GOAL OF THE EXERCISE -
Of the entries below, return exactly those lines that fall between the one containing "This experience covers" and the one containing "Tomas je zabeležio", the two end lines included.

SUPPLIED RECORDS -
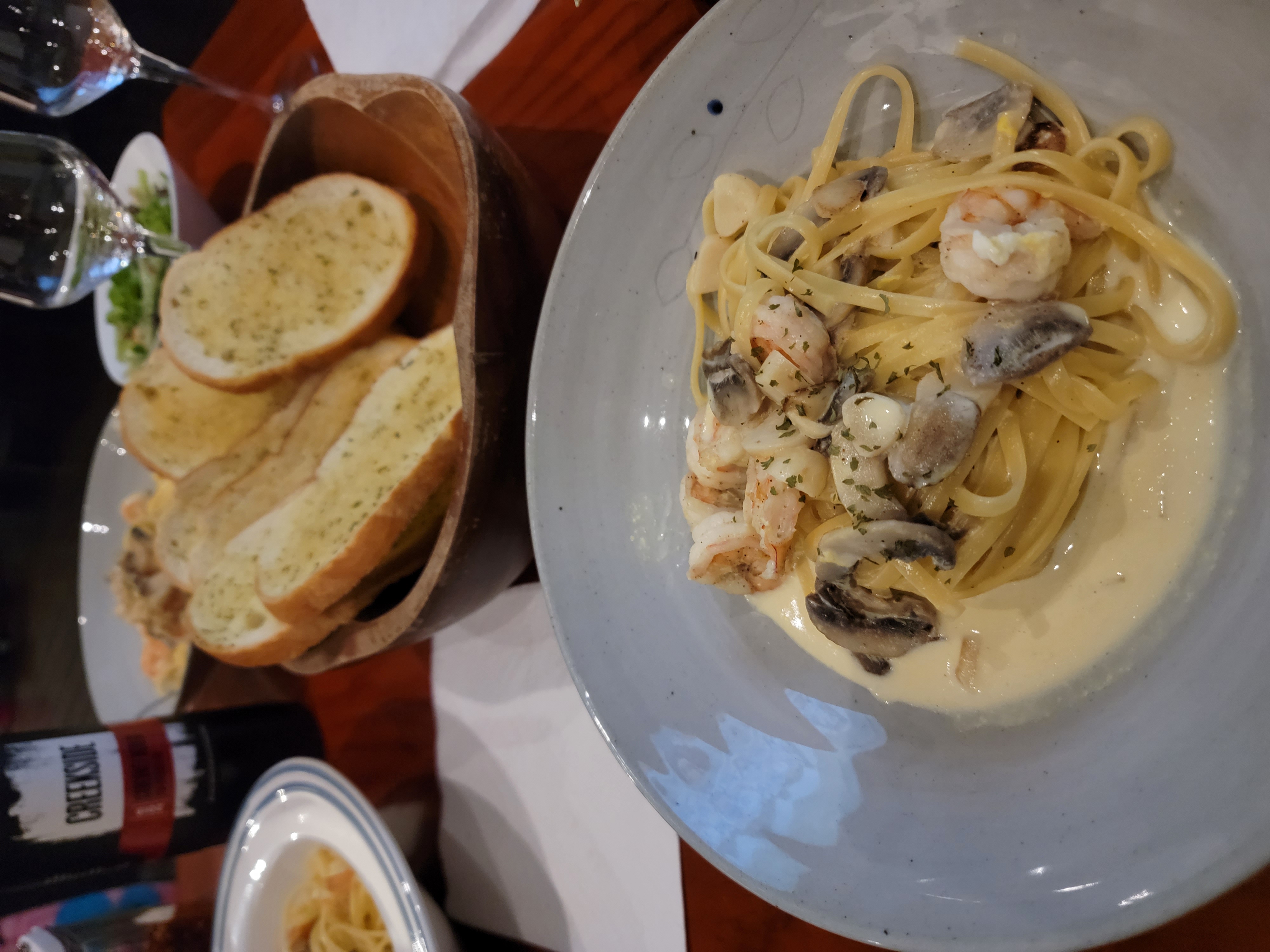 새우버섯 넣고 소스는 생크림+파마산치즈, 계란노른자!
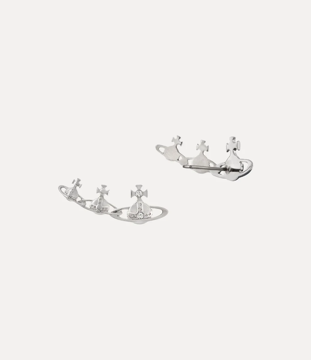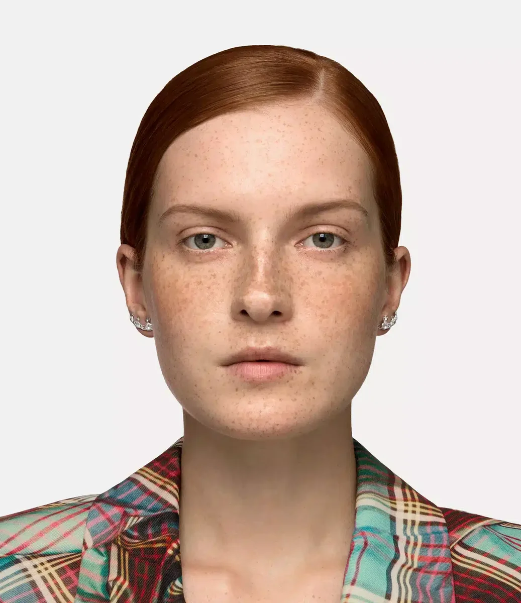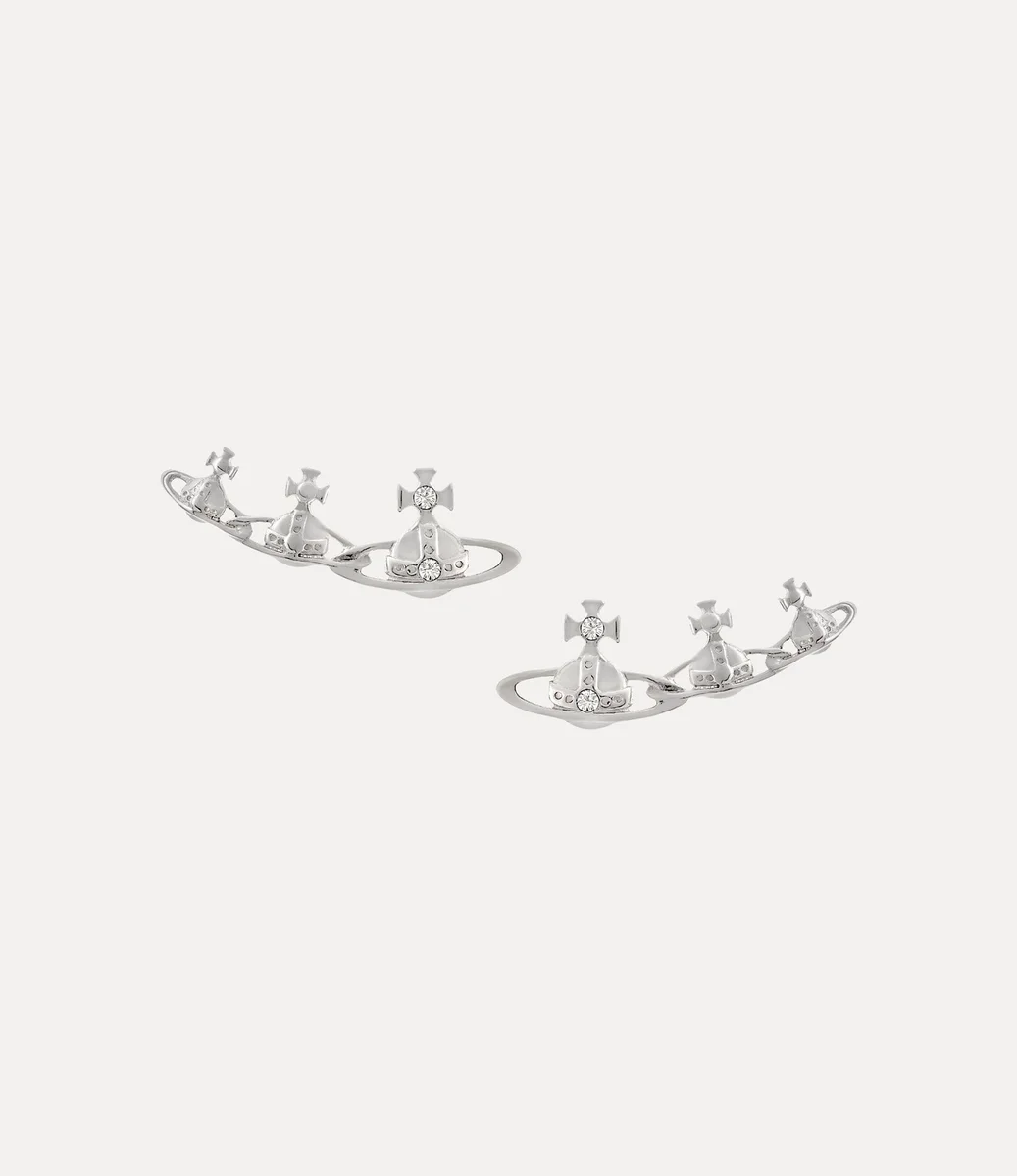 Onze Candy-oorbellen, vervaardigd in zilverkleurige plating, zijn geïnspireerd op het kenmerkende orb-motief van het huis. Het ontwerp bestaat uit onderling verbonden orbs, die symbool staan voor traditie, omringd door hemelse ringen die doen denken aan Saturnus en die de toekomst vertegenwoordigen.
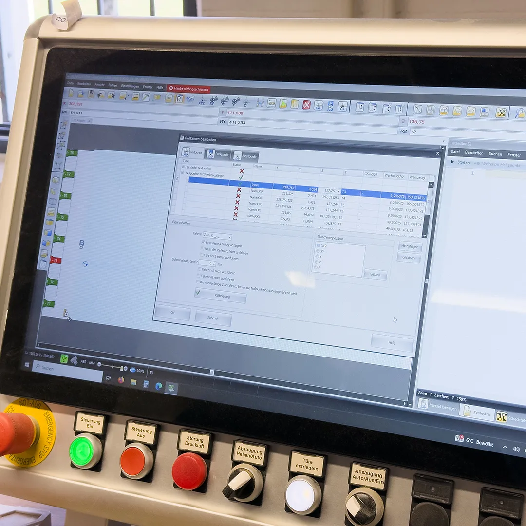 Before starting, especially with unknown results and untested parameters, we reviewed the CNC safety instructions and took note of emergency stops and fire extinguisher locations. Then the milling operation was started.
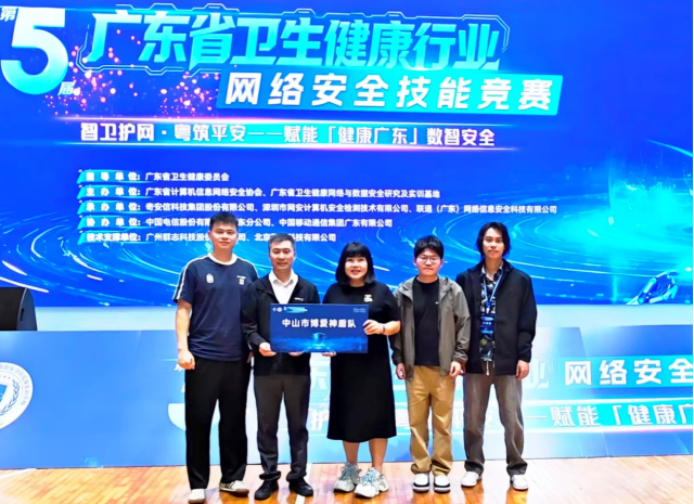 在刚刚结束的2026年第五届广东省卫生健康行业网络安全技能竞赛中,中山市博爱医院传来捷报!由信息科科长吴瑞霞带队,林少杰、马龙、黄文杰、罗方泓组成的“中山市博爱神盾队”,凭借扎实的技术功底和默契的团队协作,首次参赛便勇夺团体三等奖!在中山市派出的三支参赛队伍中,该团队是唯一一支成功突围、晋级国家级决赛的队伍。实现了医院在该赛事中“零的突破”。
--
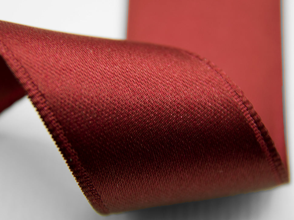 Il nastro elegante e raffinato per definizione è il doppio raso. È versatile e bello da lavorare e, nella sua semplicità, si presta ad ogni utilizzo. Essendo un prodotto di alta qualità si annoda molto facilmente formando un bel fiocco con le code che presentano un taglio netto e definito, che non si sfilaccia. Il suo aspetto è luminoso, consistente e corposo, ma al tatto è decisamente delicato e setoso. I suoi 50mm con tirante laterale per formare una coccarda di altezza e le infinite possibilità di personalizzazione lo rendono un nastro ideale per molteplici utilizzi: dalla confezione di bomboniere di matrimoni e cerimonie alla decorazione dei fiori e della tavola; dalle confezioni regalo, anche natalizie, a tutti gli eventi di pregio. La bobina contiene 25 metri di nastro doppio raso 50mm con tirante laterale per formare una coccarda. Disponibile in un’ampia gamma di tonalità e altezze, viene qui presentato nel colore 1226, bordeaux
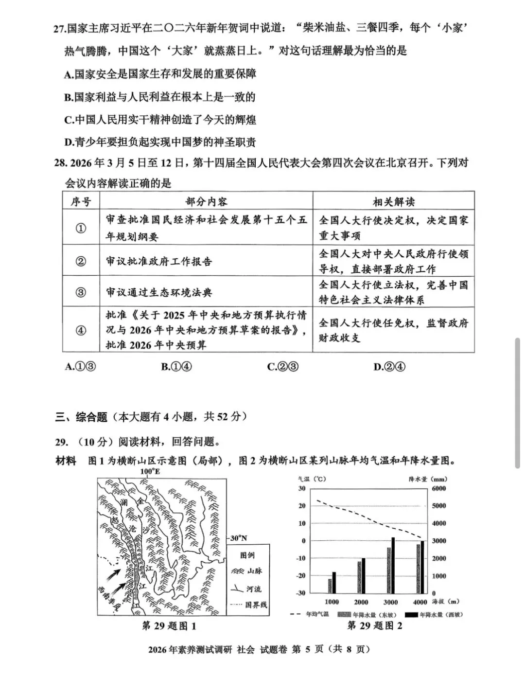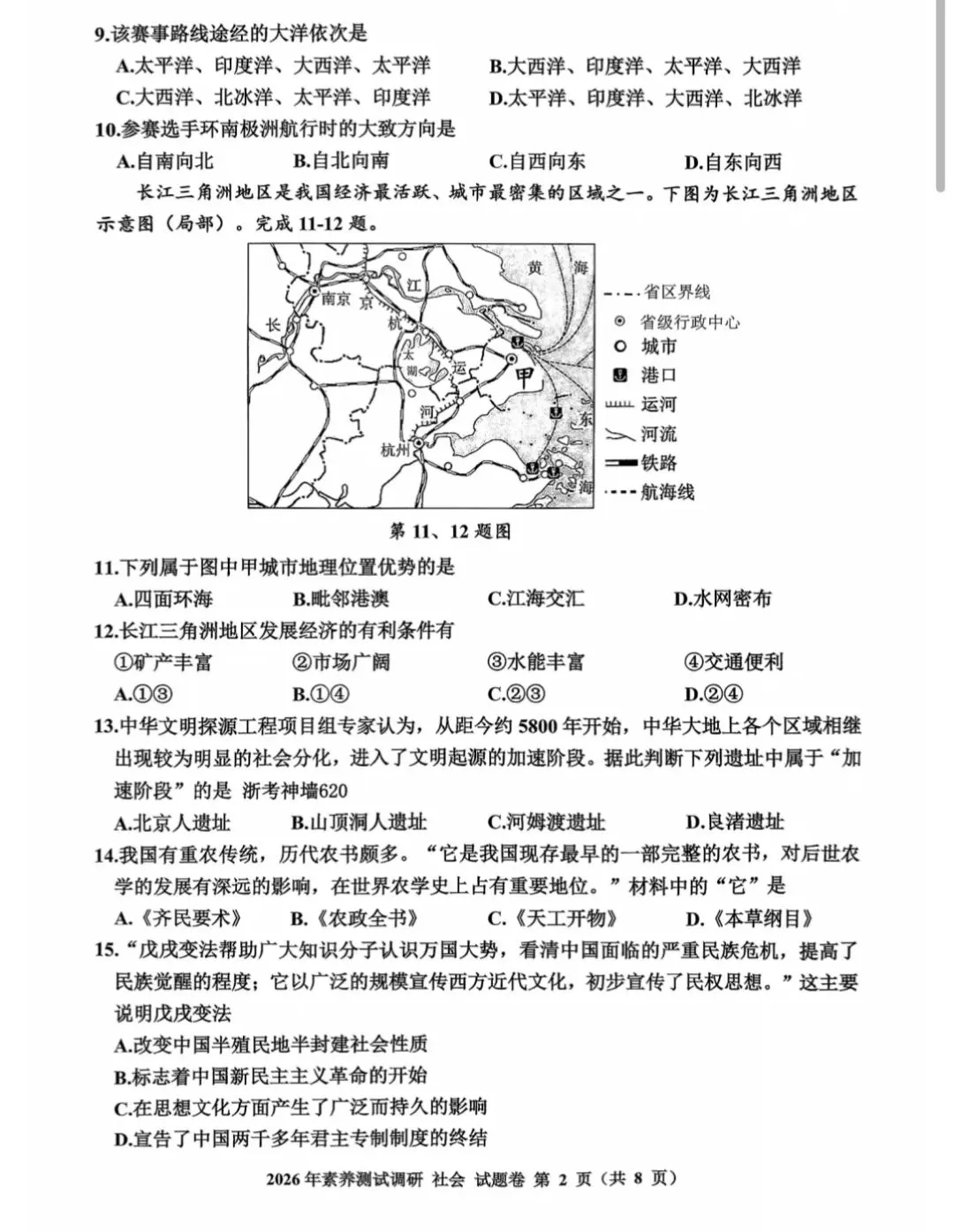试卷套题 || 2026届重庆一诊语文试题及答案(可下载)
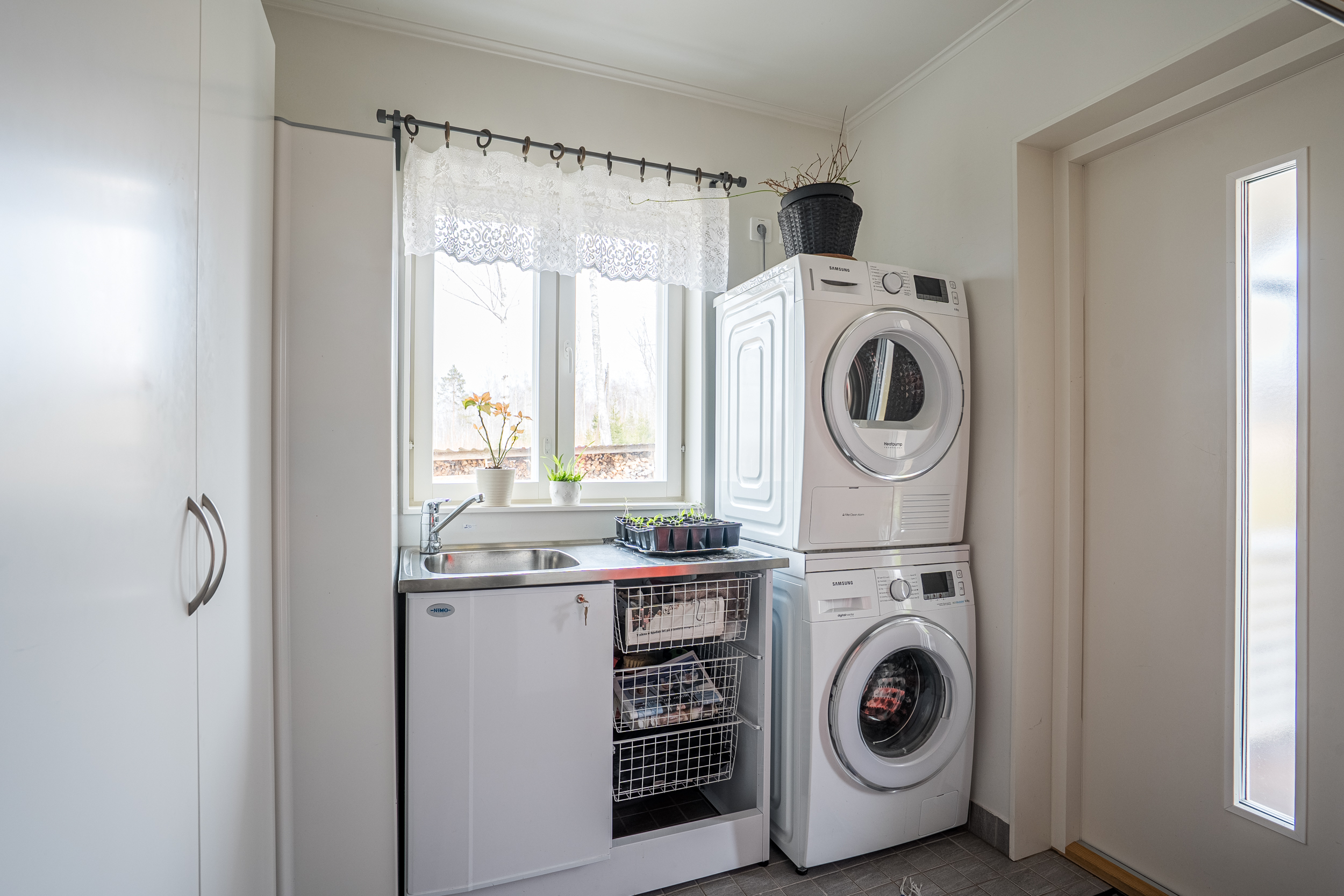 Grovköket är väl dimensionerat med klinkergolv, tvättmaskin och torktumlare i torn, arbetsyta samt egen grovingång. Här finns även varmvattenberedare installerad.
* * *
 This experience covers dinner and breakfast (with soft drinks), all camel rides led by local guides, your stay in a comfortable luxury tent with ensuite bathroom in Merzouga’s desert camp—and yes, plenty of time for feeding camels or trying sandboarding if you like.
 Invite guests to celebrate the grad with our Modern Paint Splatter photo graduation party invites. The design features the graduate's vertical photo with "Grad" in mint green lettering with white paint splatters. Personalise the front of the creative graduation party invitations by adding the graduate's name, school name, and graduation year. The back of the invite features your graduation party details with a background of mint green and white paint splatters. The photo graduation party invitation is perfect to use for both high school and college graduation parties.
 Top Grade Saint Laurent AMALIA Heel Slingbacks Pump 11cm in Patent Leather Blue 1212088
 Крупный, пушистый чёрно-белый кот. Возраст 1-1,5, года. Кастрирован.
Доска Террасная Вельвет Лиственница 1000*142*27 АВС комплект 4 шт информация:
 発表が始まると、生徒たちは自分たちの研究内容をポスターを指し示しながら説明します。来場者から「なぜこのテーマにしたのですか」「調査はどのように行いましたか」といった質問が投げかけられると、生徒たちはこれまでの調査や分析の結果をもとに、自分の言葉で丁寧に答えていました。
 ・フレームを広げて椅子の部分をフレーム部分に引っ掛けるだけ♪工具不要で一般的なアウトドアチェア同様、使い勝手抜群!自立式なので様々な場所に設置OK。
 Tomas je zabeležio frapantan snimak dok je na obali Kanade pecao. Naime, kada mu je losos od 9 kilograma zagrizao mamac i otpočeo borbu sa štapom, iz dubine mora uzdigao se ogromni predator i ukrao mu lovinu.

THE ANSWER -
 This experience covers dinner and breakfast (with soft drinks), all camel rides led by local guides, your stay in a comfortable luxury tent with ensuite bathroom in Merzouga’s desert camp—and yes, plenty of time for feeding camels or trying sandboarding if you like.
 Invite guests to celebrate the grad with our Modern Paint Splatter photo graduation party invites. The design features the graduate's vertical photo with "Grad" in mint green lettering with white paint splatters. Personalise the front of the creative graduation party invitations by adding the graduate's name, school name, and graduation year. The back of the invite features your graduation party details with a background of mint green and white paint splatters. The photo graduation party invitation is perfect to use for both high school and college graduation parties.
 Top Grade Saint Laurent AMALIA Heel Slingbacks Pump 11cm in Patent Leather Blue 1212088
 Крупный, пушистый чёрно-белый кот. Возраст 1-1,5, года. Кастрирован.
Доска Террасная Вельвет Лиственница 1000*142*27 АВС комплект 4 шт информация:
 発表が始まると、生徒たちは自分たちの研究内容をポスターを指し示しながら説明します。来場者から「なぜこのテーマにしたのですか」「調査はどのように行いましたか」といった質問が投げかけられると、生徒たちはこれまでの調査や分析の結果をもとに、自分の言葉で丁寧に答えていました。
 ・フレームを広げて椅子の部分をフレーム部分に引っ掛けるだけ♪工具不要で一般的なアウトドアチェア同様、使い勝手抜群!自立式なので様々な場所に設置OK。
 Tomas je zabeležio frapantan snimak dok je na obali Kanade pecao. Naime, kada mu je losos od 9 kilograma zagrizao mamac i otpočeo borbu sa štapom, iz dubine mora uzdigao se ogromni predator i ukrao mu lovinu.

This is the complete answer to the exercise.